# WORK REQUEST:
From the listing that follows, reproduce only the lines from the one holding "가을 2024 느슨한" through the one holding "- Exceptional Views: All", both included, with no pictures.

# TASK INPUT:
::::
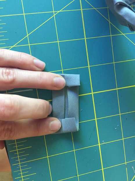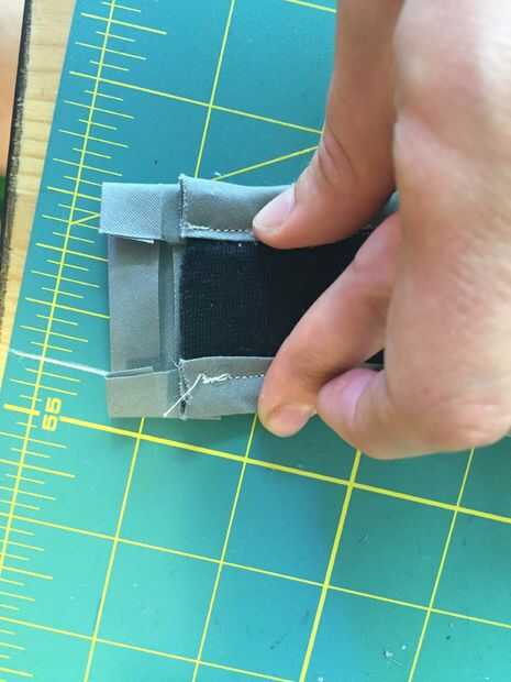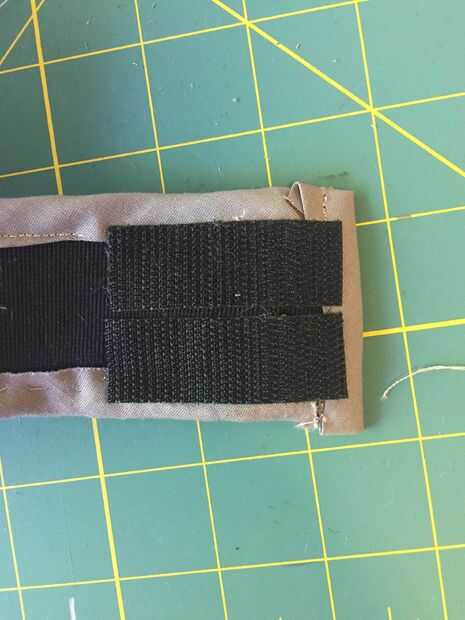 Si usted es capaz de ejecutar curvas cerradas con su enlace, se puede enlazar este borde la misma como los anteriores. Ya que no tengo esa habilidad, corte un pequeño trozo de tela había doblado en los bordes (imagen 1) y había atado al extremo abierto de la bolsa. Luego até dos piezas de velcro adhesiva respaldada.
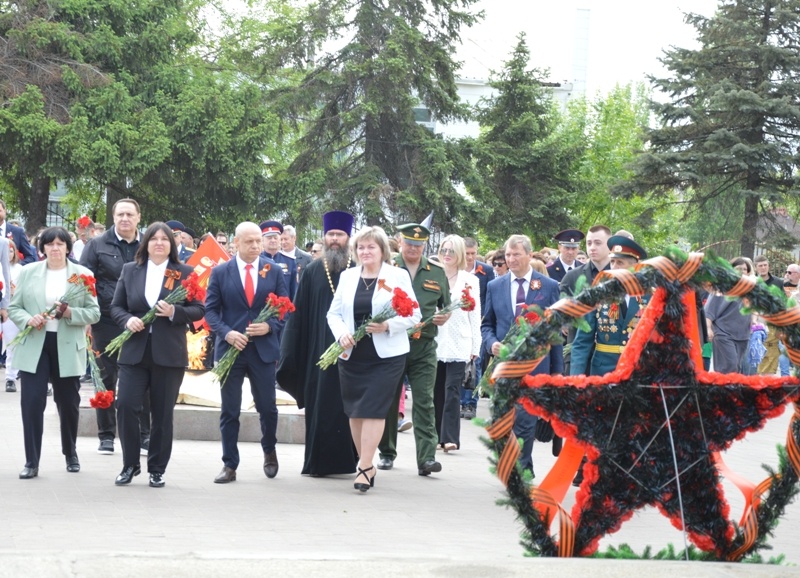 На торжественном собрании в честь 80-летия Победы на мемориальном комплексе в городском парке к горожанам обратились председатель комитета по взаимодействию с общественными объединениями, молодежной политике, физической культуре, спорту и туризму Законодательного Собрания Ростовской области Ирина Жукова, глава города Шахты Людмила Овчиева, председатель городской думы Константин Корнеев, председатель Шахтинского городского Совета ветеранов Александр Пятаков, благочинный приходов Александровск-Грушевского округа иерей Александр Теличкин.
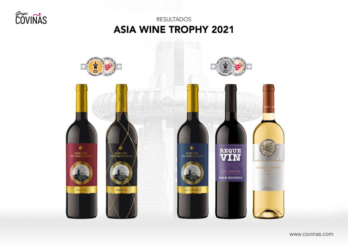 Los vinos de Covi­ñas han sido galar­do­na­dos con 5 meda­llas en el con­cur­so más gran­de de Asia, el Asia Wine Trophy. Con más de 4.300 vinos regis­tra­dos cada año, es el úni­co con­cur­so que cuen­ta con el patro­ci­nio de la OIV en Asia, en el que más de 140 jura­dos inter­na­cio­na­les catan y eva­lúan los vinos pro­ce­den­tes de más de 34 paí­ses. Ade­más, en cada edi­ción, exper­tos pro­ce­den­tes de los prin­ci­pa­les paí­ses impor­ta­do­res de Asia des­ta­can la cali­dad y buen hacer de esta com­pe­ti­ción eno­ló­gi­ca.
::::
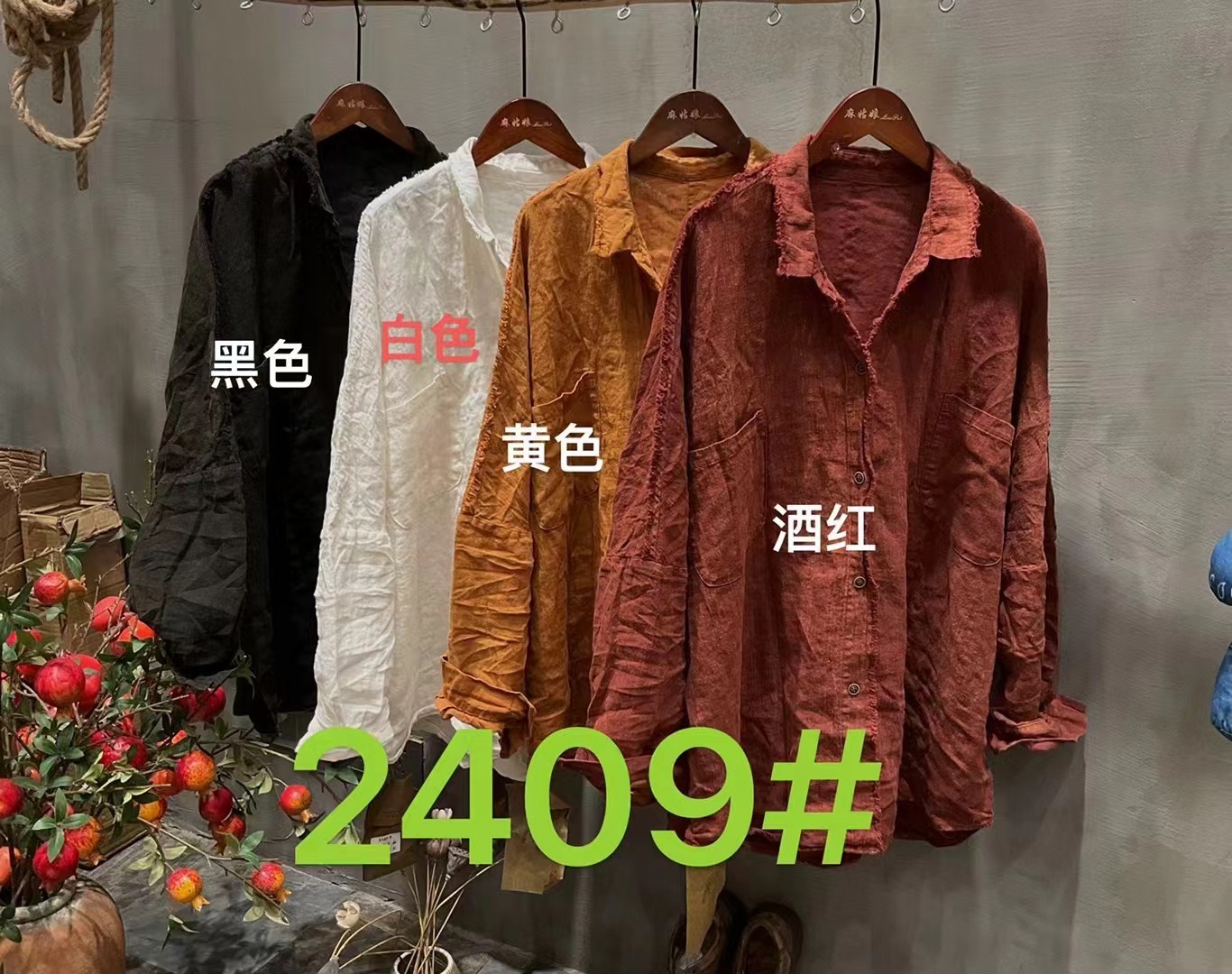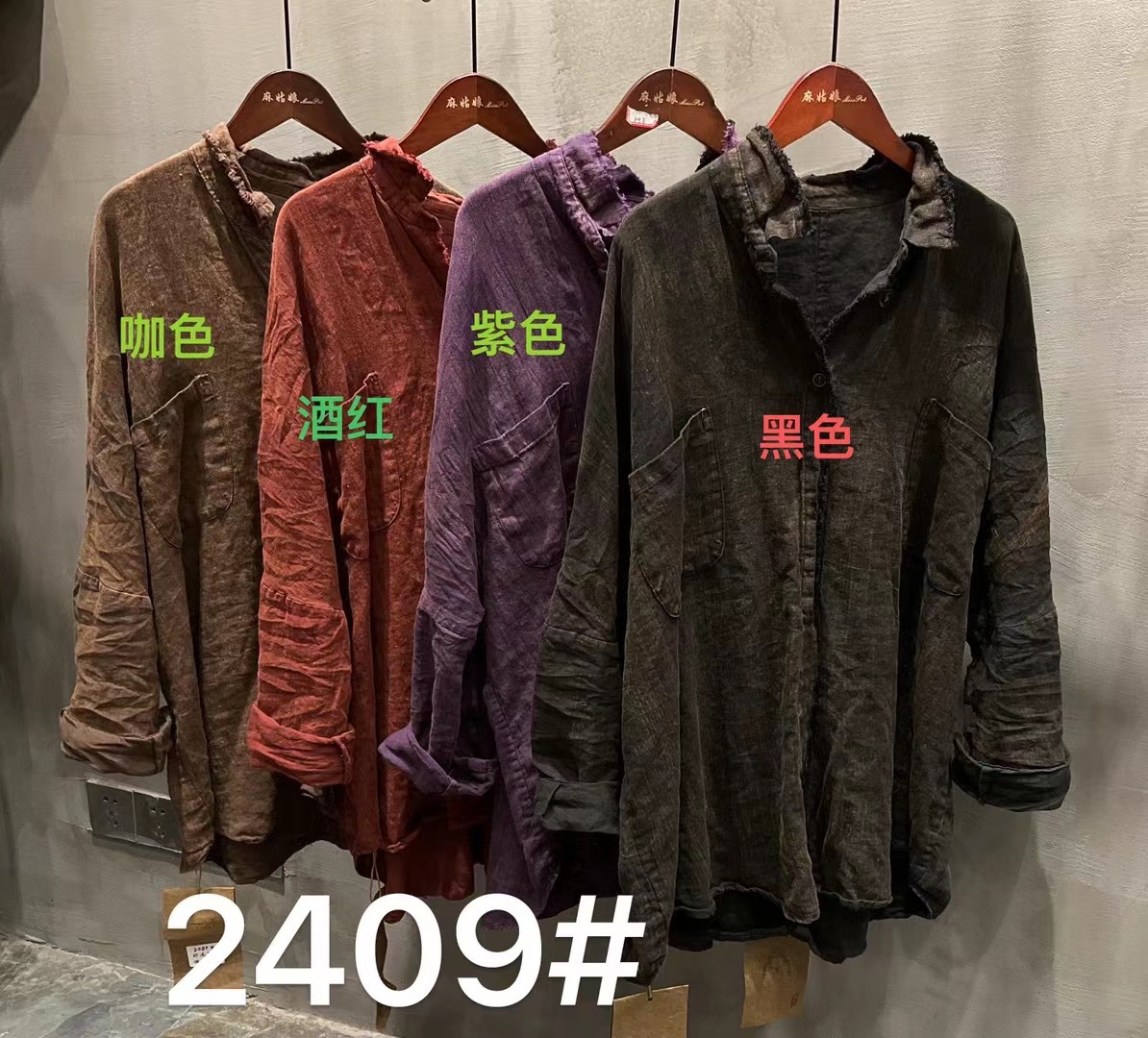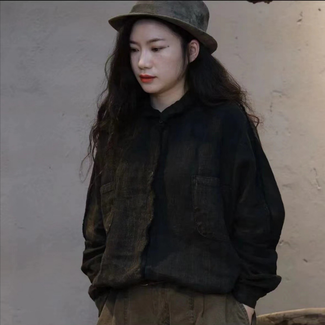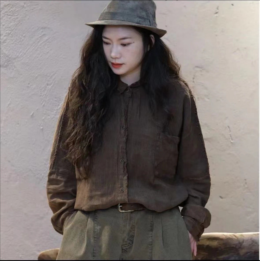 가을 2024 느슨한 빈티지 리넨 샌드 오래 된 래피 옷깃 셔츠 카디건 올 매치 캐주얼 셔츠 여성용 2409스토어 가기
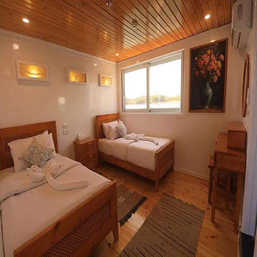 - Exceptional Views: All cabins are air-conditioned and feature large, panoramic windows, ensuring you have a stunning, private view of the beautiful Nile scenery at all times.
::::
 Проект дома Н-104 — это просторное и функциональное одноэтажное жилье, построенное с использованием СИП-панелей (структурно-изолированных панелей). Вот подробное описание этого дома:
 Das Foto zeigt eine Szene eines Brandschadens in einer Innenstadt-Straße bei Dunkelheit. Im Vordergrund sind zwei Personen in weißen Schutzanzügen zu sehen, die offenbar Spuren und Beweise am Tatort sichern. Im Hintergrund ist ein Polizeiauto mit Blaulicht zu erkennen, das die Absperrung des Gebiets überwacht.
::::
# TASK RESPONSE:
 가을 2024 느슨한 빈티지 리넨 샌드 오래 된 래피 옷깃 셔츠 카디건 올 매치 캐주얼 셔츠 여성용 2409스토어 가기
 - Exceptional Views: All cabins are air-conditioned and feature large, panoramic windows, ensuring you have a stunning, private view of the beautiful Nile scenery at all times.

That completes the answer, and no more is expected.